◆ WORK INSTRUCTION: From the first line of the data below through the line holding "FOE. 22 YEARS", output each line exactly and leave the pictures out.

◆ RECORDED DATA:
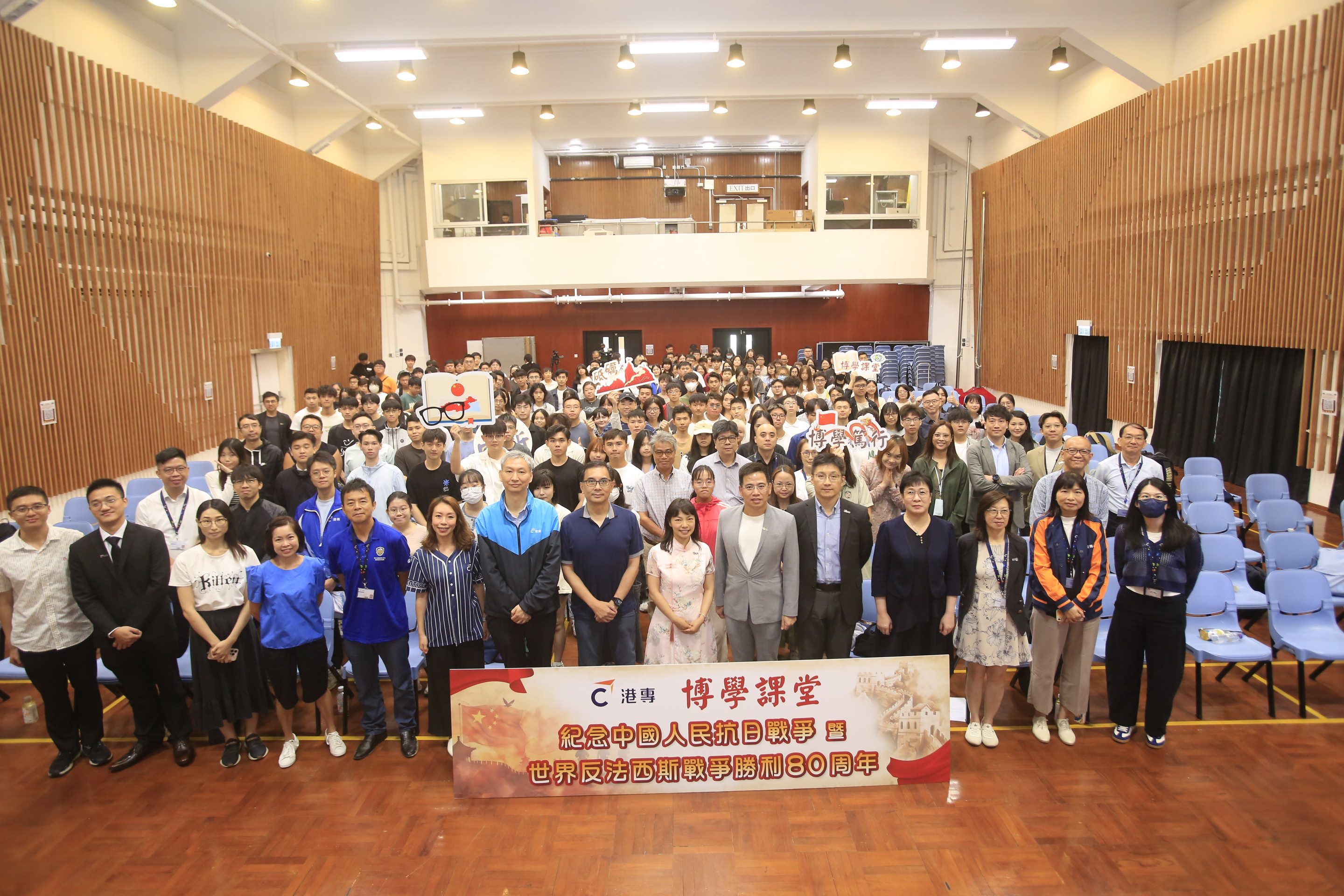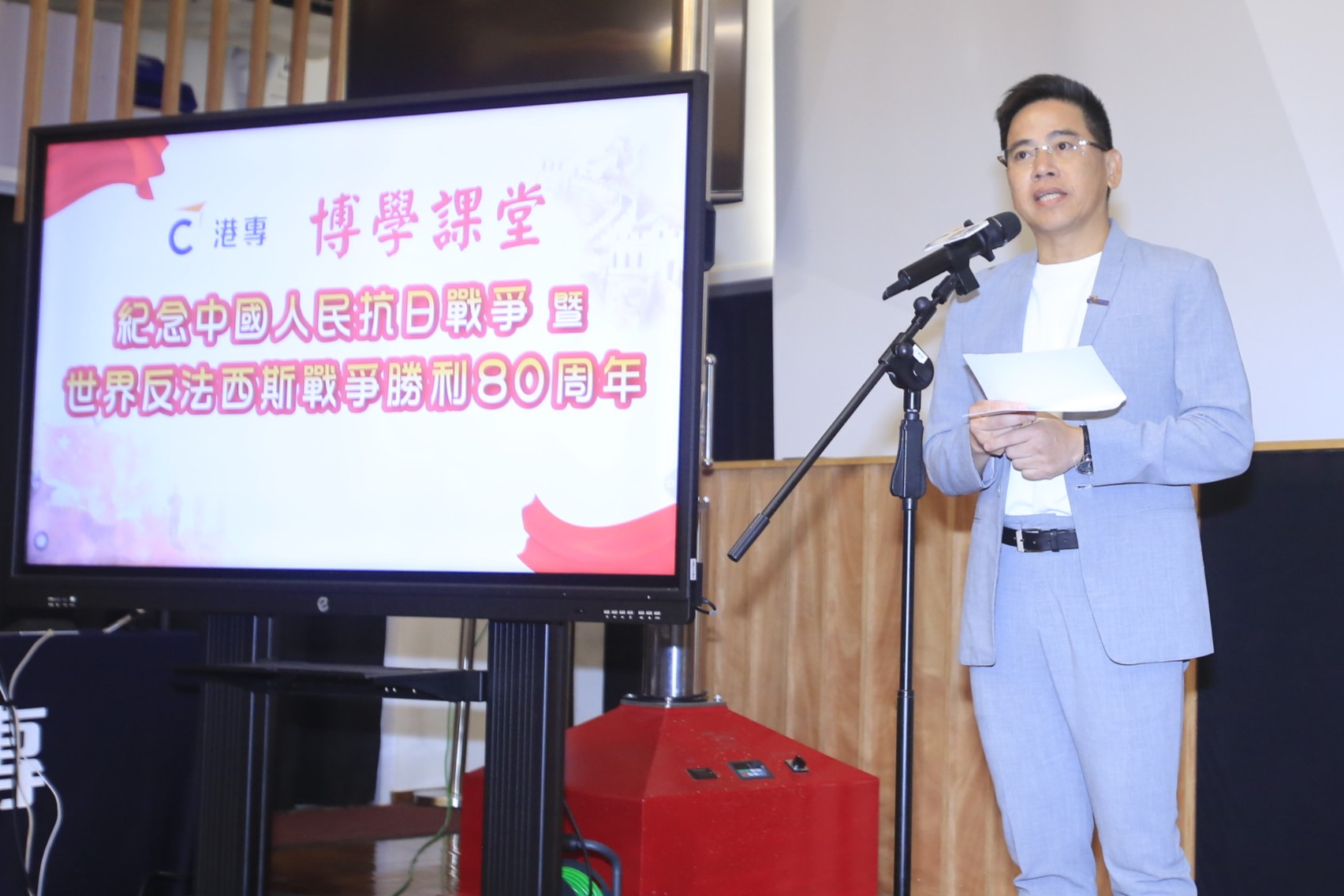 (2025年9月3日,香港) 為紀念中國人民抗日戰爭暨世界反法西斯戰爭勝利80周年,港專學院及香港專業進修學校(「港專」)今日於賽馬會本科校園綜藝館舉辦了一場別開生面的「博學課堂」紀念活動。活動透過觀看抗戰勝利80周年閱兵現場直播,並由本校「軍事迷」學生與升旗隊義務導師即場旁述,與在場近200名師生共同銘記歷史、緬懷先烈、珍愛和平、開創未來。
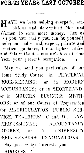 FOE. 22 YEARS LAST OCTOBER JJAVE we been helping energetic, ambitions and determined Men and Women to earn more money. Let us i ell you how easily you can lit yourself, under our individual, expert, private and practical guidance, for a higher salary, and this without a minute's loss of time from your present occupation. . May we send you particulars of our florae Study Course in PRACTICAL BOOK-KEEPING; or in MODERN' ACCOUNTANCY; or in SHORTHAND; or in MODERN BUSINESS METHODS; or of our Course of Preparation for MATRICULATION, PUBLIC SERVICE, TEACHERS' C and D.; LAW PROFESSIONAL; ACCOUNTANCY DEGREE,' or the UNIVERSITY BOOK-KEEPERS' EXAMINATIONS. Say.just which interests you. ADDRESS- 1
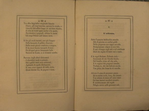 in 16° - pp.330 - Carta - Esemplare in barbe - La copertina e la prima carta presentano un lungo strappo ma senza mancanze - esemplare sciupato - Legatura allentata - Lo scrittore fin dalla sua giovinezza svolge un´importante attività di promotore culturale. Come poeta sperimenta vari generi dalla ballata romantica, con le Leggende e Ispirazioni, pubblicate all´epoca non solo in Italia, ma anche a Parigi e a Madrid, alla lirica vera e propria, con varie raccolte, fra cui Fede e dolore, ai testi per musica sacra, di grande risonanza, sappiamo che fino al secondo dopoguerra ancora si cantavano nelle chiese di Messina le sestine bisazziane Al sangue di Cristo. Ma Felice Bisazza non era solo uno scrittore, docente di Letteratura Italiana nell´Università di Messina, è ricordato da suoi famosi allievi, quali Annibale Maria di Francia, come un insegnante amatissimo e dalla grande capacità didattica. Un intellettuale così noto non poteva non essere socio di varie Accademie letterarie, non solo siciliane; bisogna però puntualizzare che l´attività di Bisazza non si esplica solo in campo umanistico, anzi lo scrittore era anche Segretario perpetuo della società economica di Messina, un importante istituto creato da Ferdinando II per promuovere lo sviluppo del settore agricolo e artigianale.
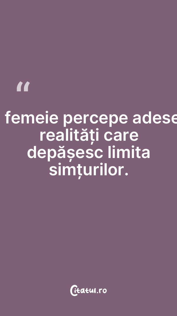 O femeie percepe adesea realități care depășesc li...

◆ SOLUTION:
 (2025年9月3日,香港) 為紀念中國人民抗日戰爭暨世界反法西斯戰爭勝利80周年,港專學院及香港專業進修學校(「港專」)今日於賽馬會本科校園綜藝館舉辦了一場別開生面的「博學課堂」紀念活動。活動透過觀看抗戰勝利80周年閱兵現場直播,並由本校「軍事迷」學生與升旗隊義務導師即場旁述,與在場近200名師生共同銘記歷史、緬懷先烈、珍愛和平、開創未來。
 FOE. 22 YEARS LAST OCTOBER JJAVE we been helping energetic, ambitions and determined Men and Women to earn more money. Let us i ell you how easily you can lit yourself, under our individual, expert, private and practical guidance, for a higher salary, and this without a minute's loss of time from your present occupation. . May we send you particulars of our florae Study Course in PRACTICAL BOOK-KEEPING; or in MODERN' ACCOUNTANCY; or in SHORTHAND; or in MODERN BUSINESS METHODS; or of our Course of Preparation for MATRICULATION, PUBLIC SERVICE, TEACHERS' C and D.; LAW PROFESSIONAL; ACCOUNTANCY DEGREE,' or the UNIVERSITY BOOK-KEEPERS' EXAMINATIONS. Say.just which interests you. ADDRESS- 1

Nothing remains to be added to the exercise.